Help Wanted




Anthony International reaching out to local pastors for help finding job applicants
The people who do the hiring at Anthony International in Madison stick out like sore thumbs.
“Send us some good people,” Janice Reilly, human resources director, told a group of visitors Friday afternoon as they left the plant. She might as well of punctuated her request with groaning “puh-leeze.” With a local unemployment rate of 10.4 percent (more than 50 out of 100 qualified Morgan County residents are out of work), the manufacturing company on Sovis Road is desperately seeking job applicants.
The California-based maker of products for grocery and deli refrigerator and freezer cases is shifting much of its production, warehousing and distribution to Madison so it can better serve its main customers in the South as well as improve its own economic efficiencies.
The local industry is poised to grow in the next year, and possibly into this decade, as it sees its businesses expanding right underneath its nose. Yet, despite all of the economic promise it’s willing to share, the high number of residents in Morgan County who have filed unemployment claims since the recession hit in 2008 and the city’s willingness to help the manufacturer mitigate the cost of expansion, Anthony International is having difficulty finding the right workers for all of its manufacturing segments.
In an effort to understand the company’s human resource needs, Madison City Councilman Michael Naples and Madison-Morgan Chamber of Commerce acting president Bob Hughes arranged a tour Friday of the plant with four members of the county’s Black ministerium: pastors Aaron Carter of Bethlehem Baptist, Hoke Smith of Calvary Baptist, Alfonzo Peters of Springfield Baptist and Charles Johnson of Flat Rock Baptist.
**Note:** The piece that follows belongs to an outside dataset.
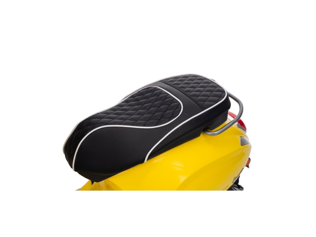 Kdo by neznal skútr značky Vespa? Tento legendární skútr může řídit i Vaše dítě, a to díky tomuto licencovanému modelu. Skútr má kvalitní sedadlo potažené měkkou ekologickou kůží a měkká kola EVA. K tomu všemu krásné přední a zadní LED světla a dokáže přehrávat MP3 soubory, takže si dítě může za jízdy poslechnout svou oblíbenou písničku a zároveň zdokonalovat své řidičské schopnosti.

Both Naples, Hughes and Anthony International lead executives hope the pastors can take the company’s message to the pulpit Sunday morning. Carter said many members of his congregation and in the surrounding community do not read the newspaper want ads nor do they regularly surf the Internet in search of jobs. How is important information communicated? “By word of mouth and in church,” he said.
Naples, of District 5, said he arranged the tour because he believes the African-American community has qualified job candidates but they do not know about the number of employment opportunities growing in their own backyard.
Traditionally, ministers in African-American churches preach more than the Gospel, said Johnson. “We minister to the whole self – the physical, spiritual, mental and financial.”
“It’s like four pieces of a pie,” explained Smith. “Jesus asked, ‘Do you want to be made whole?’ We lead people to completeness.”
It’s the whole people that Anthony International wants to hire to keep pace with the growing market demand for its products. The company operates two to three shifts in various segments. “In one plant we make commercial freezer doors for use in supermarkets, and in the other we make curved glass for deli cases. We are the only manufacturer in North America that can make the glass curve as much as it does,” said Reilly. “We need employees with basic manufacturing skills.”
Ray Nunn, general manager of the door plant, told the ministers that the operation outgrew its Sovis Road facility and has shifted production to the Wellington site. Other areas that are growing are warehousing and distribution, manufacturing the frames for the freezer doors and making specialty glass for doors on open-island cold cases, such as the ones that stretch along the meat aisle in Walmart. New government food-safety regulations require the cases have sliding tops to retain the cold.
The desired employee skill set at Anthony International includes being able to measure with English and metric rulers; being able to match up items; good eye-hand coordination; and the ability to stand on concrete for eight to 10 hours a day as well as lift up to 50 pounds on a regular basis.
Jeff Spotts, vice president of operations for the local operation, was even more specific. “We need people who have a good work ethic – show up on time, follow the rules and work hard.”
The hunt has been difficult, say plant supervisors.
Entry-level wage is about $8.50 an hour with the possibility of working up to $10.50 an hour, including annual raises and safety bonuses, partial health care coverage, a 4 percent matching 401(k) plan, paid holidays and on-the-job training.
The company uses a temporary hiring agency to initially screen and hire workers. Etcon of Madison sets up every Tuesday and Thursday at the Anthony International administration office on Sovis Road. Criminal background checks and drug screenings are required of candidates. The temporary employment period is about 90 days, said Spotts. “It works two ways. In that time, we can decide if the worker is right for the company and the worker can decide if he or she likes to work here.” After the paid probationary period, the temp worker is hired on a full-time basis, becoming an employee of the company and qualifying for benefits.
The local plant employs 126 full-time and 55 temporary workers. It expects to hire up to 50 new employees within the next several months. If qualified employees continue to make it there, the company will begin to seriously consider building an addition on the 16-acre campus.